Currently all the durability and armor stats for construction pieces are identical for different materials. This was due to the fact that material strength didn’t really correlate to cost to obtain in the current metagame (wood was the hardest to build with despite being the least durable). To avoid re-balancing gathering costs and therefore recipes of everything we put off configuration of the resistances. One thing we didn’t think of was just increasing the construction cost for the more durable materials (duh!), and as a side effect of recreating all the construction pieces we did this anyway. That allowed me to start tuning the construction piece durability to be tiered based on material.

While exploring this balance, it has become clear that placing 1 C4 to destroy a whole base isn’t much fun. What I am working towards now is nerfing the crap out of C4 explosions, and giving a massive buff to detcap drop rates. Meaning C4 will be common place, but creative uses will dictate your ability to get into a base. Now that explosion force can be reflected off other objects, tighter spaces will be key to doing maximum damage.

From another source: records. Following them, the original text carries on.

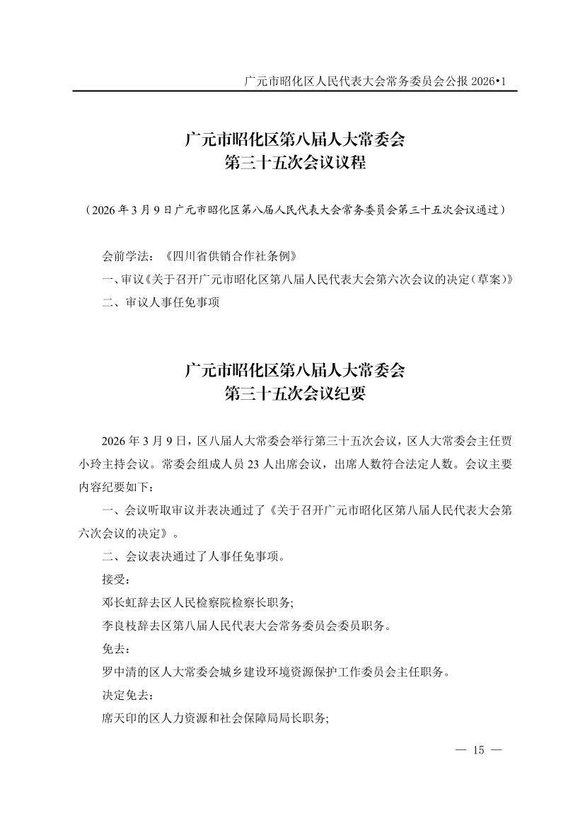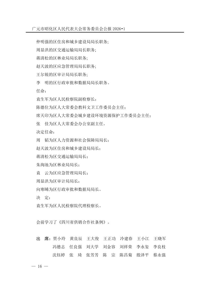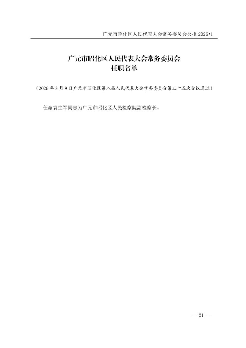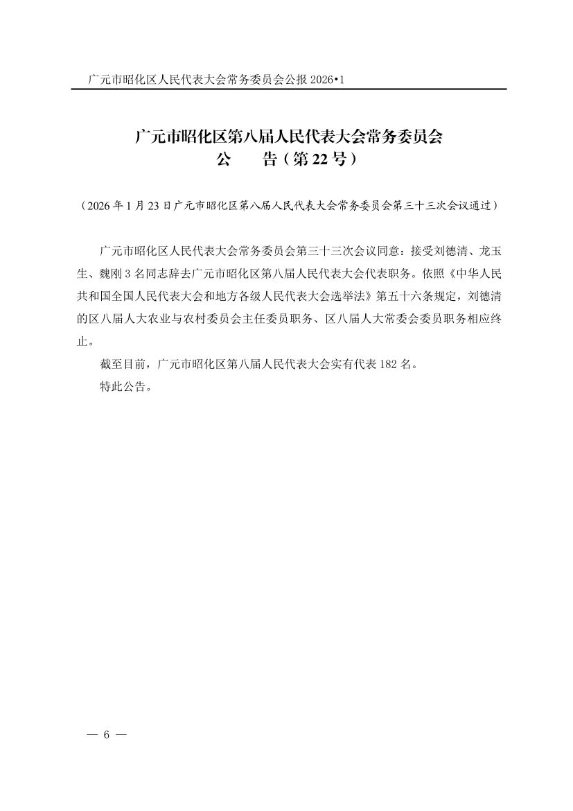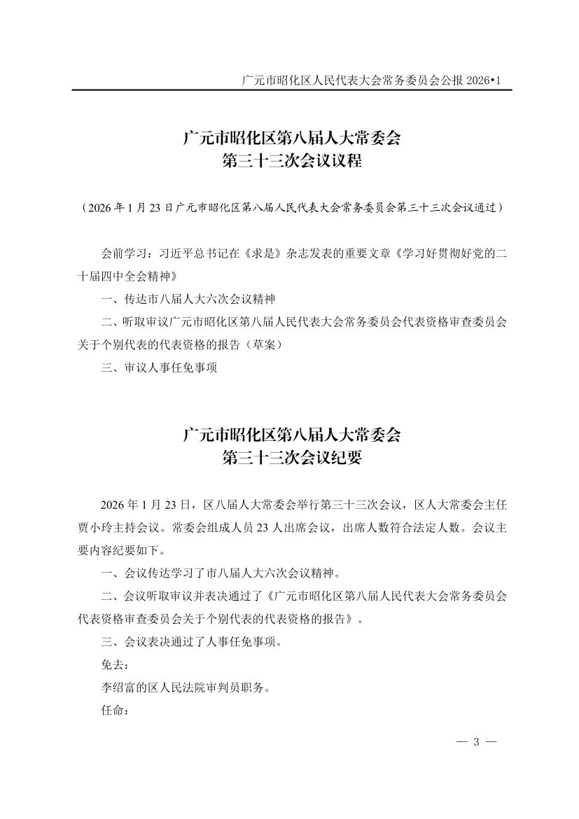 广元市昭化区人民代表大会常务委员会公报(2026年第1期)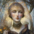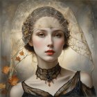 A young woman with soft features gazes intently, framed by an intricate veil and delicate webbing. Her attire is adorned with autumn leaves and ornate jewelry, creating a hauntingly beautiful ambiance.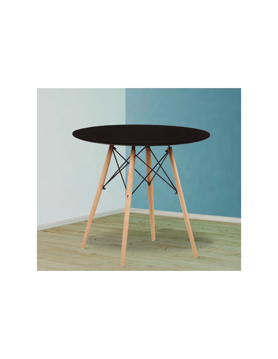 Estupenda mesa redonda con tapa fabricada en DM de alta calidad, patas de madera y herrajes metálicos. Excelente resistencia gracias a sus materiales, ideal para salones o cualquier otro ambiente.
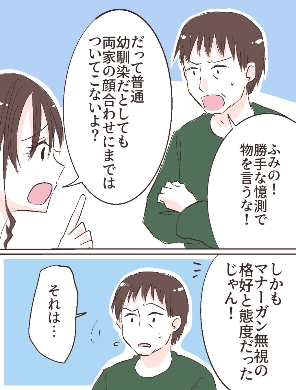 すると父が「ふみの!勝手な憶測で物を言うな!」とふみのをたしなめると、「だって普通幼馴染だとしても、両家の顔合わせまではついてこないよ?」と正論を言い返し、「しかもマナー、ガン無視の格好と態度だったじゃん!」ふみのの言葉にそれも一理あると思ったのか、「それは・・」と父が言葉を詰まらせました。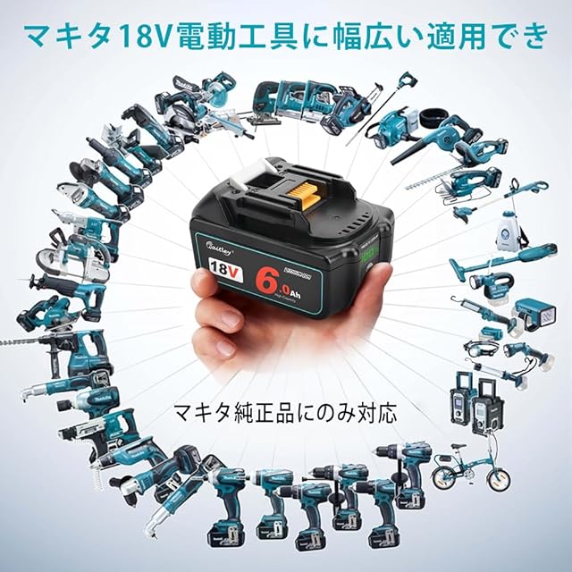 þ〖本製品対応〗マキタ純正18vバッテリー互換品BL1830B BL1840B BL1850B BL1860B BL1890B。マキタ純正18v用充電器DC18RA、DC18RC、DC18RDなど充電をおススメます。工具種類:マキタ充電式生垣バリカン、マキタ18v掃除機、マキタ18vUSBアダプタ、マキタ18vインパクトドライバ、マキタ18v充電式ファン、マキタ18vブロアー、マキタ18vチェーンソーなど純正バッテリーを対応できる機種が適応です。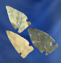 Set of three Intrusive Mound points found in Ohio, largest is 1 1/2". |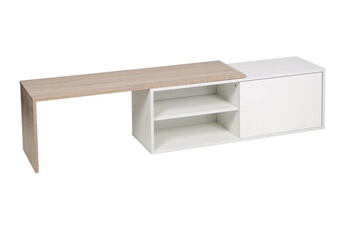 Table basse -Melinda- - Dimensions : 209 x 32 x 36 cm - Forme rectangulaire - Matière : panneaux de particules - Blanc/Chêne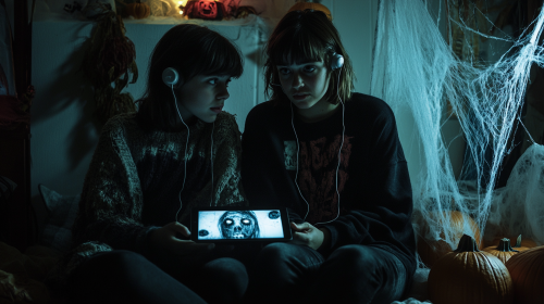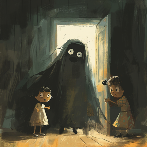 Illustration 3: A creepy shadow at the door: The shadow of Mr. Jenkins in a blanket with eye holes, looking ominous. Nina and Maya clutching each other, looking terrified. --s 250 --v 6.0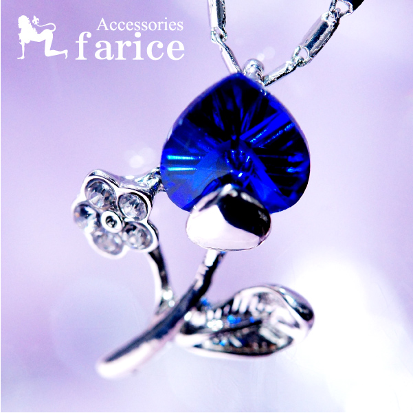 サファイアカラーキュービックジルコニア ハート石留め装飾 石付きフラワー(花)&リーフ(葉) レディース ペンダント ネックレス

Lower barrier to entry on vehicles

This is the first wipe I’ve had the time to actually play a comparable amount to the rest of you to get a feel for the journey from early to late game (Due to the fact I wasn’t madly patching bugs after release). A large focus of mine being getting that roach kitted out as soon as possible. I’ve come to the conclusion that the barrier to entry on vehicles needs to be lower. While more hardcore players will likely be thinking “I can get 5 cars by day 2, its 2easy”, there is a bit more to it.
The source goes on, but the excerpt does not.